More on Viacom’s data-heist

Rory Cellan-Jones has an uneasy feeling.

The YouTube case seems to show that, despite those promises, we have no real control over our data once it is lodged on a corporate server. Every detail of my viewing activities over the years – the times I’ve watched videos in the office, the clips of colleagues making idiots of themselves, the unauthorised clip of goals from a Premier League game – is contained in those YouTube logs.

All to be handed over to Viacom’s lawyers on a few “over-the-shelf four-terabyte hard drives”, according to the New York judge who made the ruling. I may protest that I am a British citizen and that the judge has no business giving some foreign company a window on my world. No use – my data is in California, and it belongs to Google, not me.

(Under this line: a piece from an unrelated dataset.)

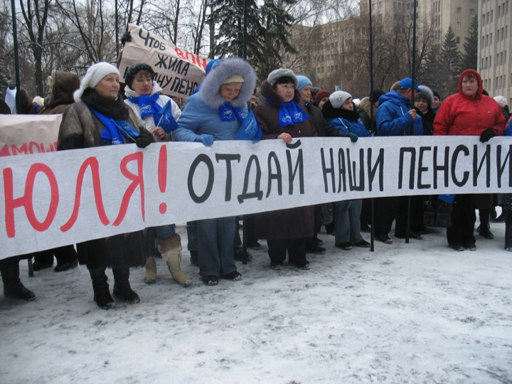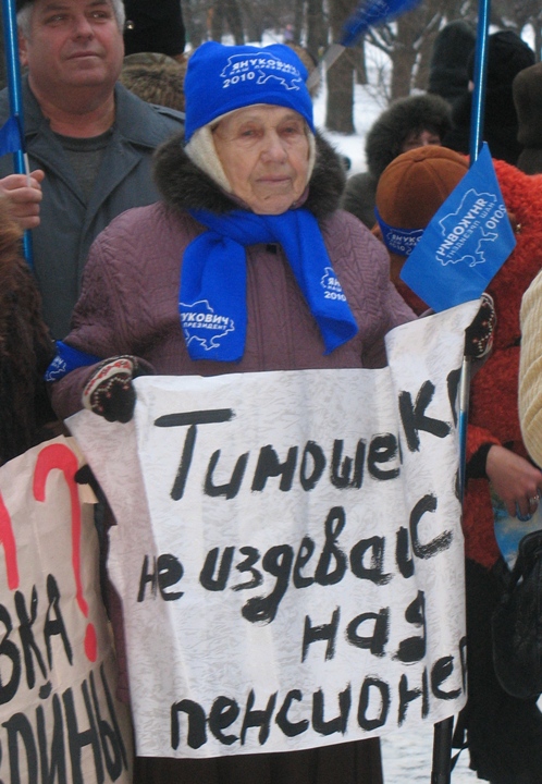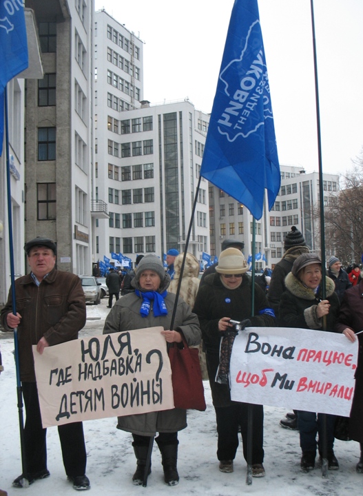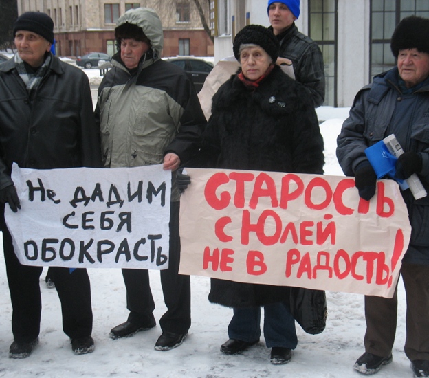 «Тимошенко, не издевайся над пенсионерами», «ВОНА працюе, щоб ми вмирали», «Старость с Юлей не в радость» – такие плакаты в руках у тех, кто, по словам активистов митинга, «всю жизнь проработал на благо своей страны, а теперь выброшен правительством на обочину жизни».

The other troubling aspect about this case was that it was only the blogs that seemed to understand the significance of the ruling when it emerged on Wednesday night. Much of the mainstream media ignored it at first, seeming to regard it as a victory for Google, because the judge said the search firm didn’t have to reveal its source code.

“I’ve never worried too much about the threat to my privacy”, Rory continues.

I’m relaxed about appearing on CCTV, happy enough for my data to be used for marketing purposes, as long as I’ve ticked a box, and have never really cared that Google knows about every search I’ve done for the last 18 months. But suddenly I’m feeling a little less confident. How about you?